I sympathise with anyone who felt that Jonathan wasn't going to make an appropriate Hugos host, and with anyone who spoke about it to the convention committee, but do not believe a campaign aimed at vilifying Jonathan personally was wise or kind. And for those who thought that making this happen was a way to avoid SF and the Hugos appearing in the tabloids, I'd point to the Streisand effect, with a shake of the head.
There was no "campaign." There was a Twitterstorm. It upset Goldman, as Neil notes above, but again as covered in the last post, Goldman's specific complaints about Seanan and her daughter are unfounded. Neil knows this too, given his approximately 8 zillion followers to whom he cannot possibly respond. Maybe he thinks Seanan's 12K is like a chat around the dinner table.

But here's the real thing - Neil is saying that the only appropriate way to respond negatively is to speak to the convention committee, to follow procedure, to be polite. That's a fine policy for people with power and access. It's not how groups of people actually effect change, with one-on-one conversations, each one with the powerful person saying, "thanks for your comments." Change happens with groups. Sometimes groups function as mobs, bullies, or twitterstorms. But if you don't have power, you have to organize.

I think the process of organizing online, rather than forming an "angry mob" (see previous post), is still in development. But I see this again and again: A group of people get angry, legitimately or no, express it online, and the other side tries to invert the power dynamics by claiming victimization, legitimately or no. Much as every war is expressed as a defensive one, every online disagreement results in competing claims of victim. Pay attention to the power dynamics, are people punching up or punching down.

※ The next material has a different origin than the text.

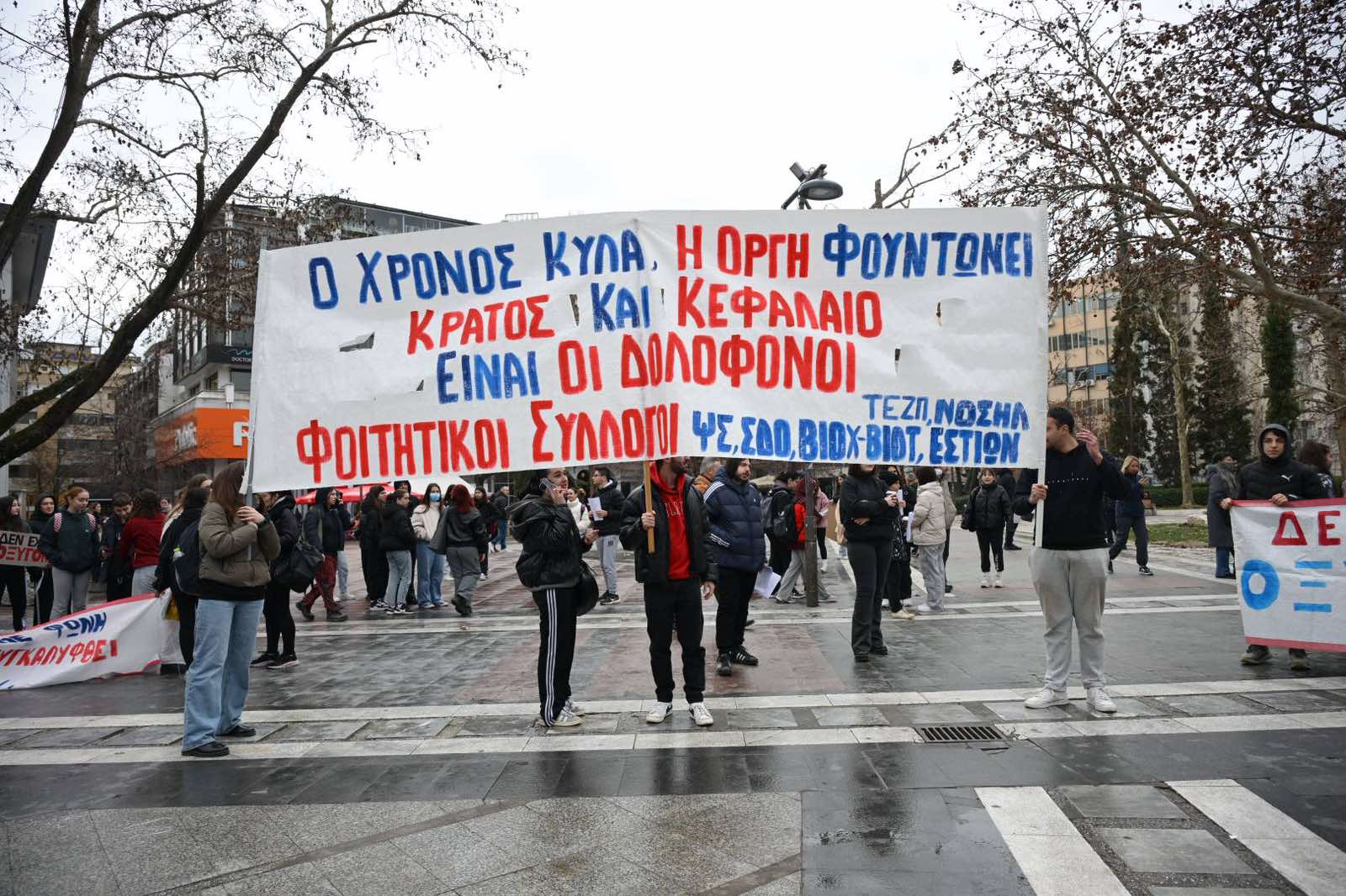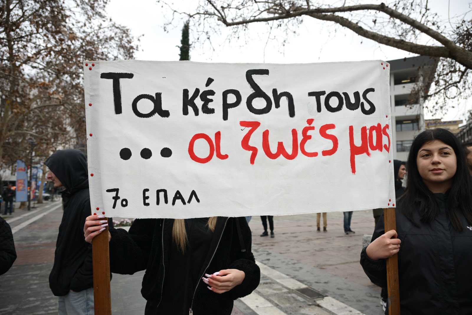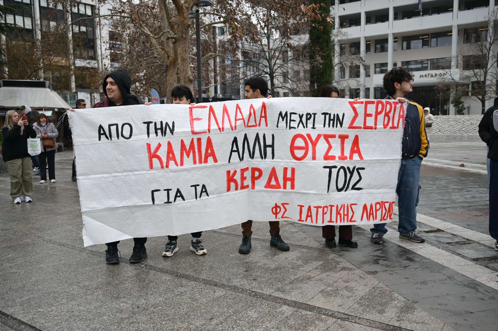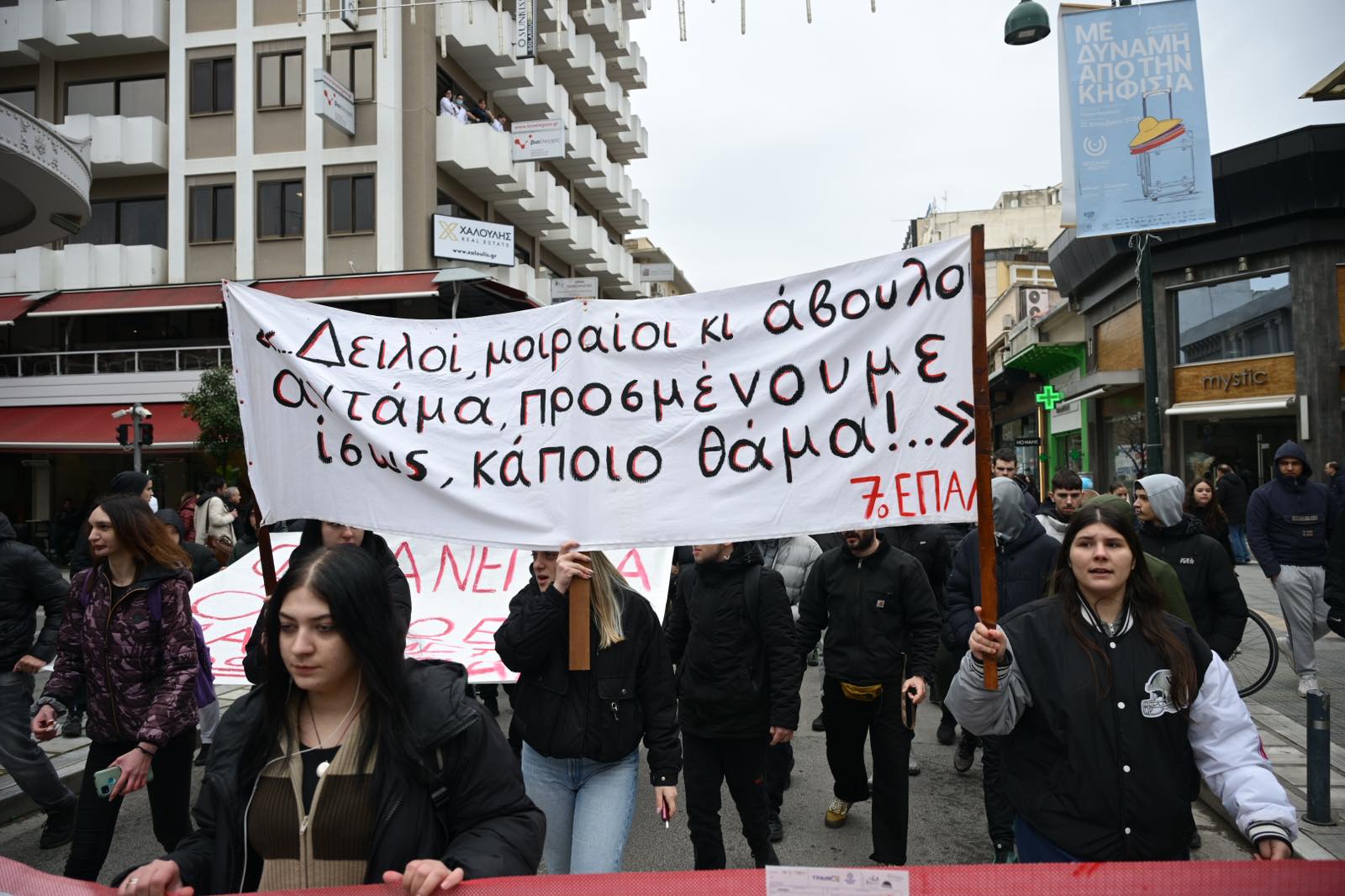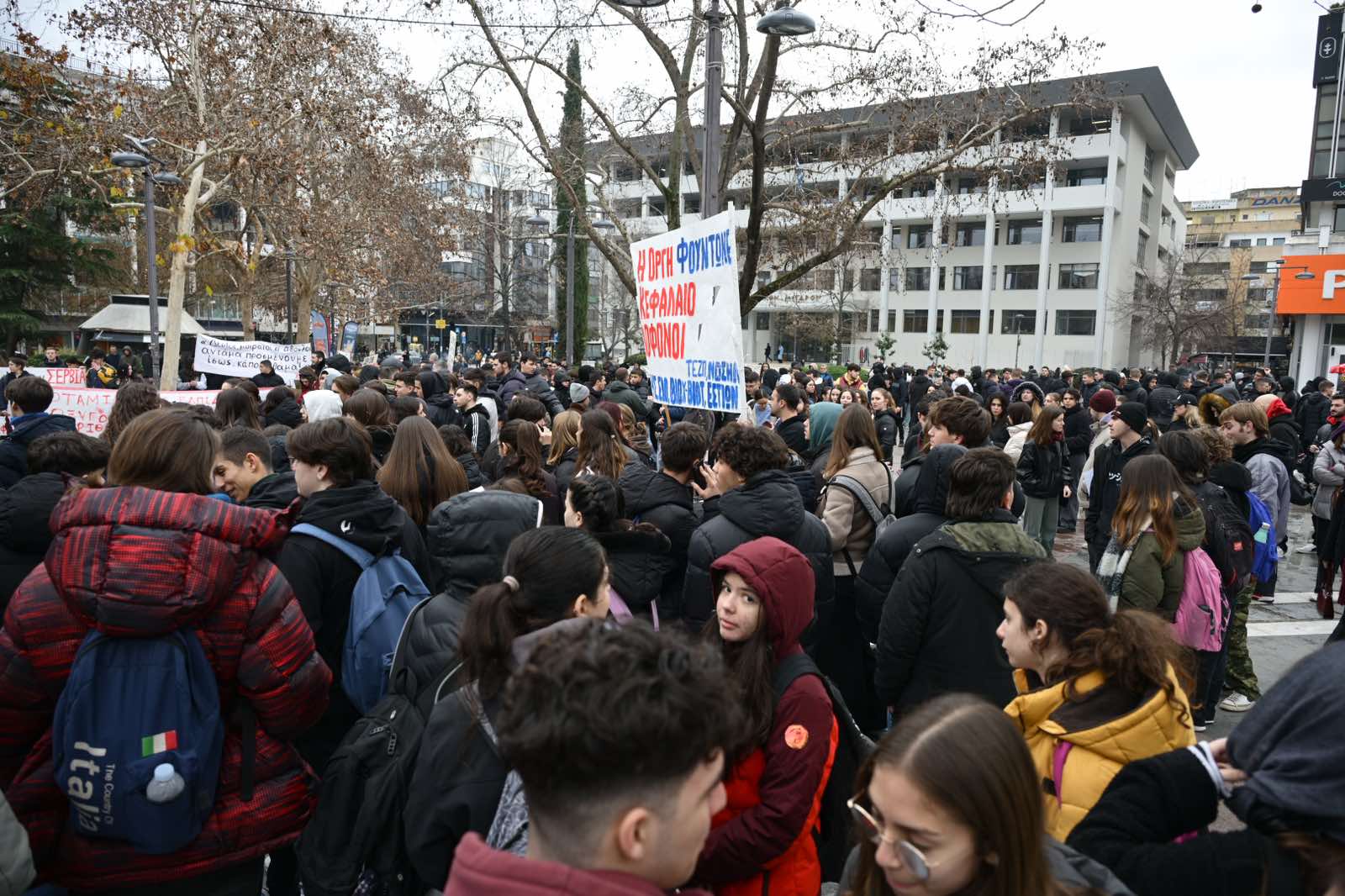 Λάρισα: Μαθητές και φοιτητές διαμαρτυρήθηκαν για την τραγωδία των Τεμπών: “Δικαίωση για τις ψυχές των παιδιών” (φωτο – βίντεο)

So let's sum up. Gaiman believes that Ross is a great guy, a professional, and is the wronged party here.   Gaiman is really disappointed in people who expressed their anger publicly rather than going through channels. He has, sadly, taken off his Hugo pin as a way of making you all feel bad for disappointing him. It's paternalistic and manipulative.

Moreover, the belief that Ross was a wildly inappropriate choice is supported by Gaiman's own experiences as he reports. He has personally witnessed Ross ignoring boundaries in order to upset someone - because he wants to, because it would be funny, because it would make for better TV. Is this someone who would make you, absent Neil's personal experience with Ross, feel safe as a Hugo guest?

So in the end, to quote a friend of mine, Gaiman is asking his fans, his often worshipful fans, "Who are you going to believe, me or your lying eyes?"

I guess I'll go with my lying eyes this time.